§ **What you should do**
Leave out the pictures and output exactly the lines below from the one with "今日の朝の学習の時間に、図書" down to the one with "Generic - تيشرت", both of them included.

§ **Records to use**
◆ ◆ ◆ ◆ ◆ ◆ ◆

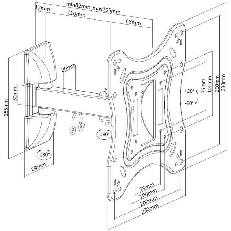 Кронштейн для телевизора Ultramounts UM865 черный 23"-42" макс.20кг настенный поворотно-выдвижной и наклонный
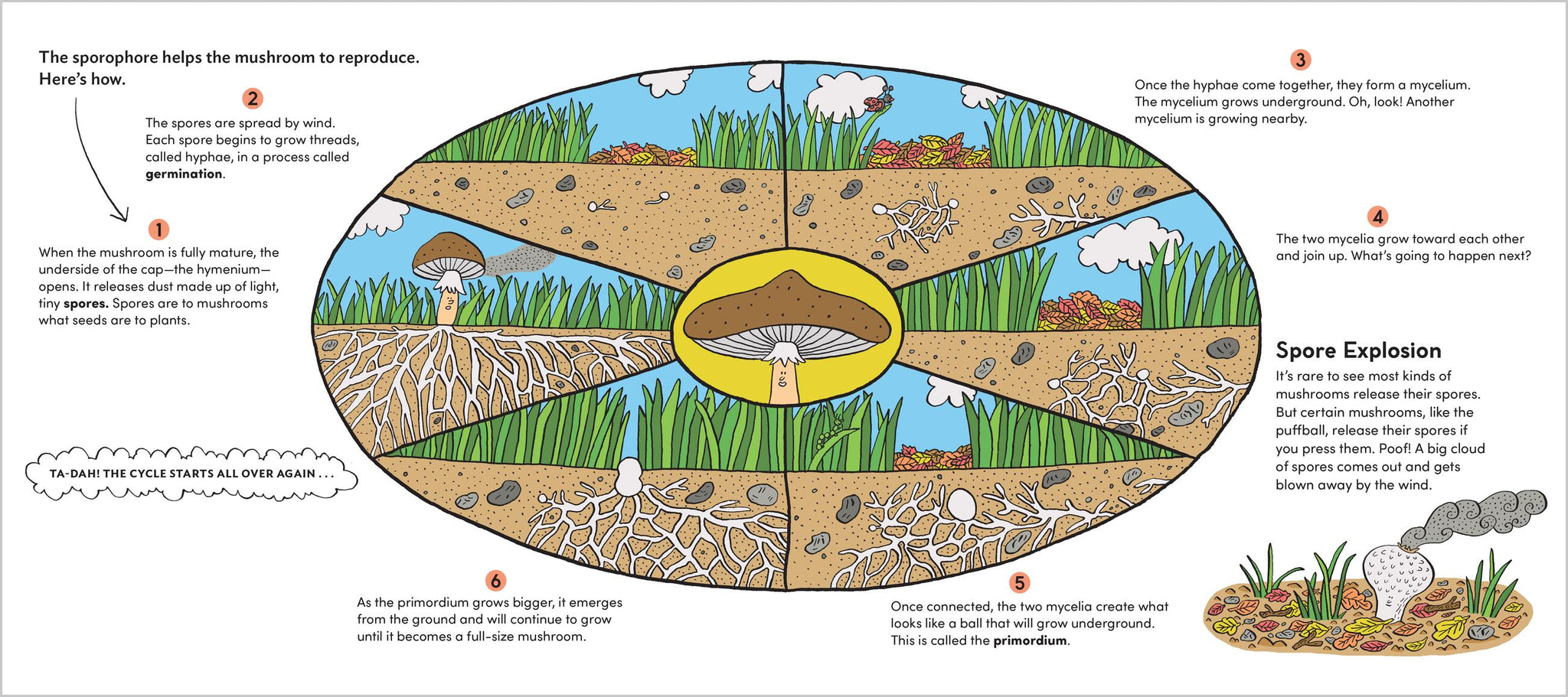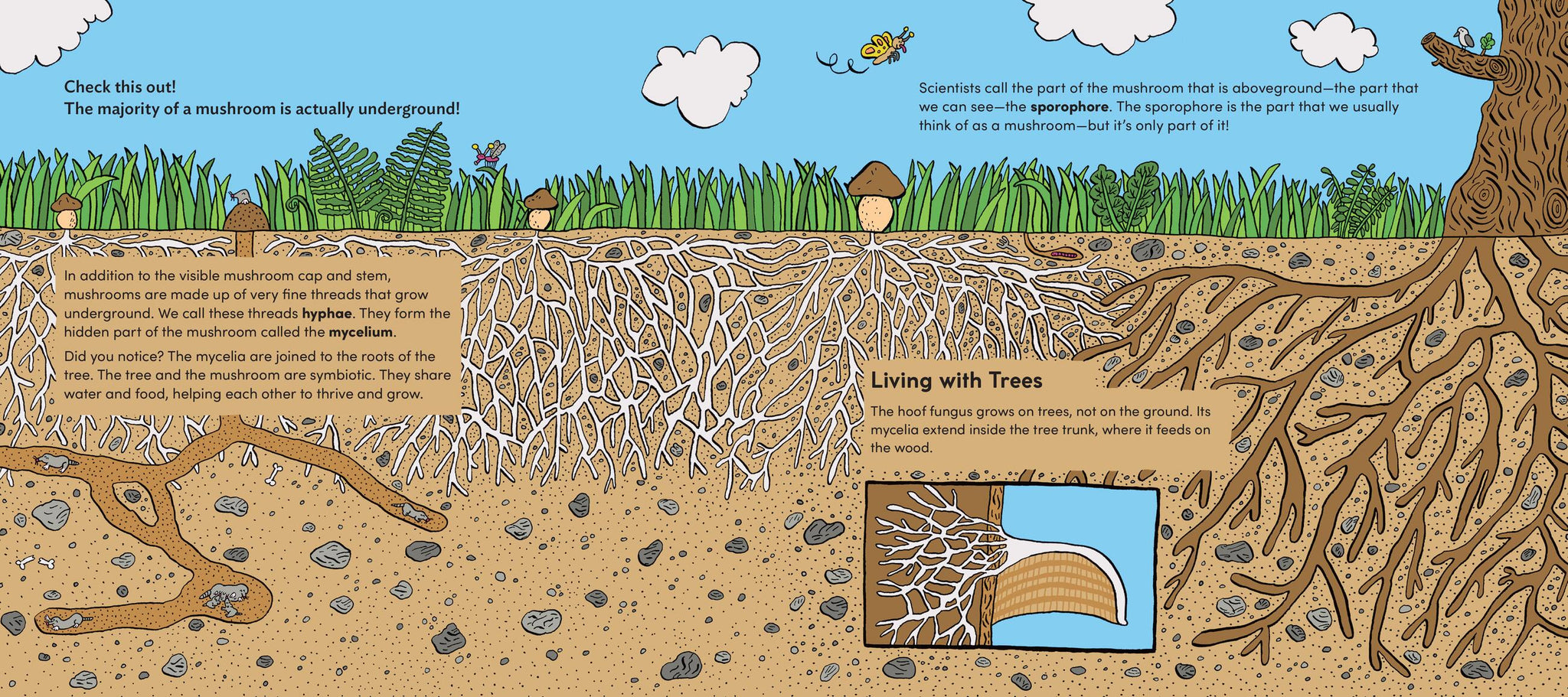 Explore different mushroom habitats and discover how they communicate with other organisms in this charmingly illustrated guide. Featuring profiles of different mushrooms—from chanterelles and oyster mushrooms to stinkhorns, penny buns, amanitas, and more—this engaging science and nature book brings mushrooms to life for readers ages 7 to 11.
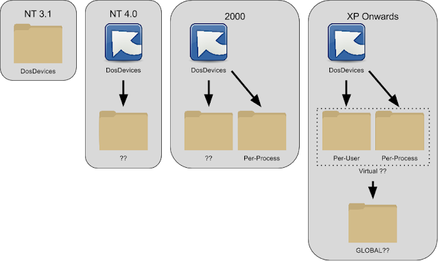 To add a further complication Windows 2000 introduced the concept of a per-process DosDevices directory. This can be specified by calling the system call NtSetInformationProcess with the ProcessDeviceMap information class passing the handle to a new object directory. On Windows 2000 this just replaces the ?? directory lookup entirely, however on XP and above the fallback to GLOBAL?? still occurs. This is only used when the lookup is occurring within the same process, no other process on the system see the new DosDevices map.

◆ ◆ ◆ ◆ ◆ ◆ ◆

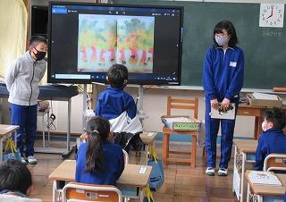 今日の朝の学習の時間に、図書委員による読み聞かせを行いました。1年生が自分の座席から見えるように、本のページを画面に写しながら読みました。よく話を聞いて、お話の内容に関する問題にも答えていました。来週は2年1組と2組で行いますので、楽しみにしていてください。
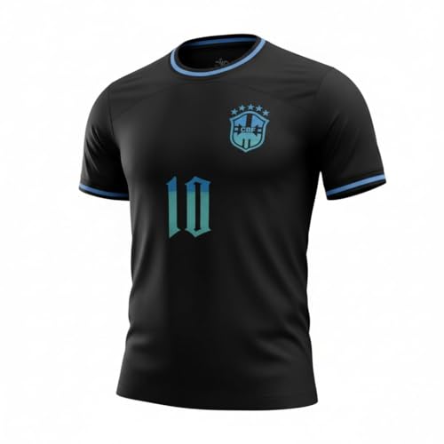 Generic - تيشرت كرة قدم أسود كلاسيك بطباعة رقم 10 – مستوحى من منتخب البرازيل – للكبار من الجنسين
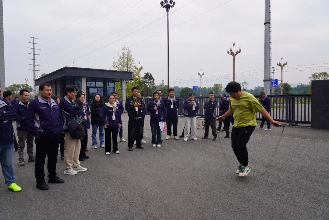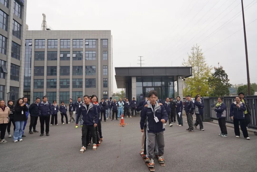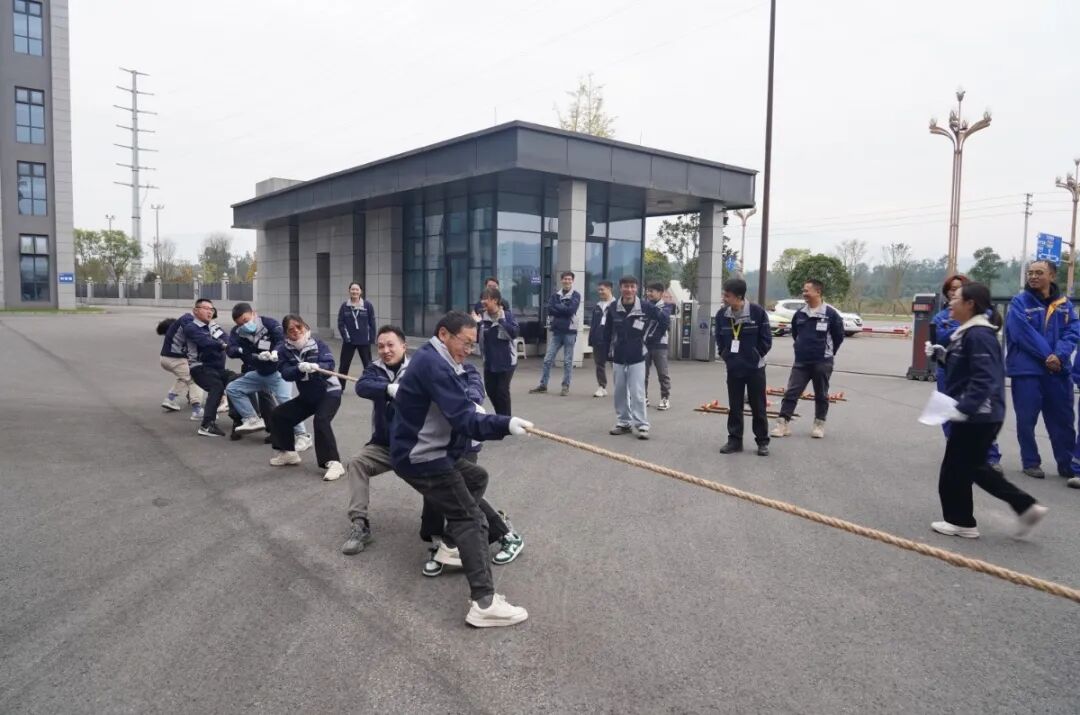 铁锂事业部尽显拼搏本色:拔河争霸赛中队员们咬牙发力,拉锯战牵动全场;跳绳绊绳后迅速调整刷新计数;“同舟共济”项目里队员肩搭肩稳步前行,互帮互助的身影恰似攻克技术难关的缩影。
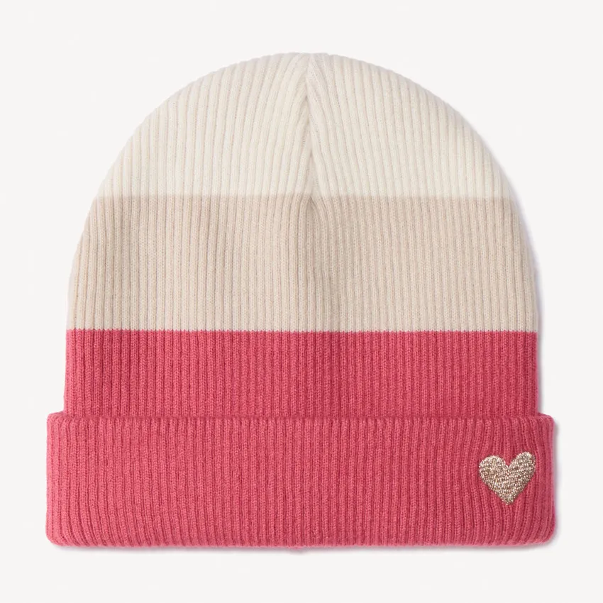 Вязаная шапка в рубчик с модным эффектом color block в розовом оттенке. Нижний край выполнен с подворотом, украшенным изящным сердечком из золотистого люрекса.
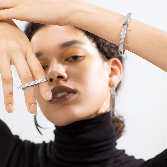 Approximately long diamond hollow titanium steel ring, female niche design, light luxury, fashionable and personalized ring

◆ ◆ ◆ ◆ ◆ ◆ ◆

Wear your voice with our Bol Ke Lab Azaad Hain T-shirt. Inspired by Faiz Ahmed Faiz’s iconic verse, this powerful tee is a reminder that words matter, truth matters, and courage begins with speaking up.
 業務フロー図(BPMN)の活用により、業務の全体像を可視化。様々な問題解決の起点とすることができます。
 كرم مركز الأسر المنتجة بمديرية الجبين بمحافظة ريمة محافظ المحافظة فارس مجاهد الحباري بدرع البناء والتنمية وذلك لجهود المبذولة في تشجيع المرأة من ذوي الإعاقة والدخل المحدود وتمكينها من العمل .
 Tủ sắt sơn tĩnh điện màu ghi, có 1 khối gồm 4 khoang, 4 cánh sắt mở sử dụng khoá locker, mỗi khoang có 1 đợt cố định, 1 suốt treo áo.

◆ ◆ ◆ ◆ ◆ ◆ ◆

§ **Your solution**
 今日の朝の学習の時間に、図書委員による読み聞かせを行いました。1年生が自分の座席から見えるように、本のページを画面に写しながら読みました。よく話を聞いて、お話の内容に関する問題にも答えていました。来週は2年1組と2組で行いますので、楽しみにしていてください。
 Generic - تيشرت كرة قدم أسود كلاسيك بطباعة رقم 10 – مستوحى من منتخب البرازيل – للكبار من الجنسين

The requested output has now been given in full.